(Stored items from a collection)
________

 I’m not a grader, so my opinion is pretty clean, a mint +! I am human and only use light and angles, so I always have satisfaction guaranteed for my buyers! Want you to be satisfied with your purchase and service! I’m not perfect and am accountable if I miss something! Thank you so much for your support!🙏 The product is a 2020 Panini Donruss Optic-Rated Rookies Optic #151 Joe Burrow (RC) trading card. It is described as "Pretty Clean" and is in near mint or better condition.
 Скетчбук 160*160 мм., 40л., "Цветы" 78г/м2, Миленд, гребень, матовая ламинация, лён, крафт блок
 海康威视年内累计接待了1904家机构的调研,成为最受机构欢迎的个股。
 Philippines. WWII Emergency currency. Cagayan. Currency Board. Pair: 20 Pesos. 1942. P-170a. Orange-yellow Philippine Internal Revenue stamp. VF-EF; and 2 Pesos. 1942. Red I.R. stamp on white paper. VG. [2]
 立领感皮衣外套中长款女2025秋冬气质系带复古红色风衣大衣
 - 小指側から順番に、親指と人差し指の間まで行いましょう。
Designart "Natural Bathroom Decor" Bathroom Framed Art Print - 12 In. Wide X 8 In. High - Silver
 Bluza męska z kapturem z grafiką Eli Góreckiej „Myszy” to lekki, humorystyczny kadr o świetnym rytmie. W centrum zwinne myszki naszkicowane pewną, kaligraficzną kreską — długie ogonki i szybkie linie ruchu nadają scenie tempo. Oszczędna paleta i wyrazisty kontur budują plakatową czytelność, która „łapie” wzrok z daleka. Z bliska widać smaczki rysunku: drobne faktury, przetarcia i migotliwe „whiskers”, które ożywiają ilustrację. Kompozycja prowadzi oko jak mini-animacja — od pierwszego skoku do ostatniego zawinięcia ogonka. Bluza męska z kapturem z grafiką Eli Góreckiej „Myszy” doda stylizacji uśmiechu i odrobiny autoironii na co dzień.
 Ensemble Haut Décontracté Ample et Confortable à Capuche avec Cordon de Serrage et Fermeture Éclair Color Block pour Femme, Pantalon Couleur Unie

________

WHAT THIS TASK INVOLVES ::
Every entry is to be restated word for word, with nothing dropped.

RESPONSE TO THIS EXERCISE ::
 I’m not a grader, so my opinion is pretty clean, a mint +! I am human and only use light and angles, so I always have satisfaction guaranteed for my buyers! Want you to be satisfied with your purchase and service! I’m not perfect and am accountable if I miss something! Thank you so much for your support!🙏 The product is a 2020 Panini Donruss Optic-Rated Rookies Optic #151 Joe Burrow (RC) trading card. It is described as "Pretty Clean" and is in near mint or better condition.
 Скетчбук 160*160 мм., 40л., "Цветы" 78г/м2, Миленд, гребень, матовая ламинация, лён, крафт блок
 海康威视年内累计接待了1904家机构的调研,成为最受机构欢迎的个股。
 Philippines. WWII Emergency currency. Cagayan. Currency Board. Pair: 20 Pesos. 1942. P-170a. Orange-yellow Philippine Internal Revenue stamp. VF-EF; and 2 Pesos. 1942. Red I.R. stamp on white paper. VG. [2]
 立领感皮衣外套中长款女2025秋冬气质系带复古红色风衣大衣
 - 小指側から順番に、親指と人差し指の間まで行いましょう。
Designart "Natural Bathroom Decor" Bathroom Framed Art Print - 12 In. Wide X 8 In. High - Silver
 Bluza męska z kapturem z grafiką Eli Góreckiej „Myszy” to lekki, humorystyczny kadr o świetnym rytmie. W centrum zwinne myszki naszkicowane pewną, kaligraficzną kreską — długie ogonki i szybkie linie ruchu nadają scenie tempo. Oszczędna paleta i wyrazisty kontur budują plakatową czytelność, która „łapie” wzrok z daleka. Z bliska widać smaczki rysunku: drobne faktury, przetarcia i migotliwe „whiskers”, które ożywiają ilustrację. Kompozycja prowadzi oko jak mini-animacja — od pierwszego skoku do ostatniego zawinięcia ogonka. Bluza męska z kapturem z grafiką Eli Góreckiej „Myszy” doda stylizacji uśmiechu i odrobiny autoironii na co dzień.
 Ensemble Haut Décontracté Ample et Confortable à Capuche avec Cordon de Serrage et Fermeture Éclair Color Block pour Femme, Pantalon Couleur Unie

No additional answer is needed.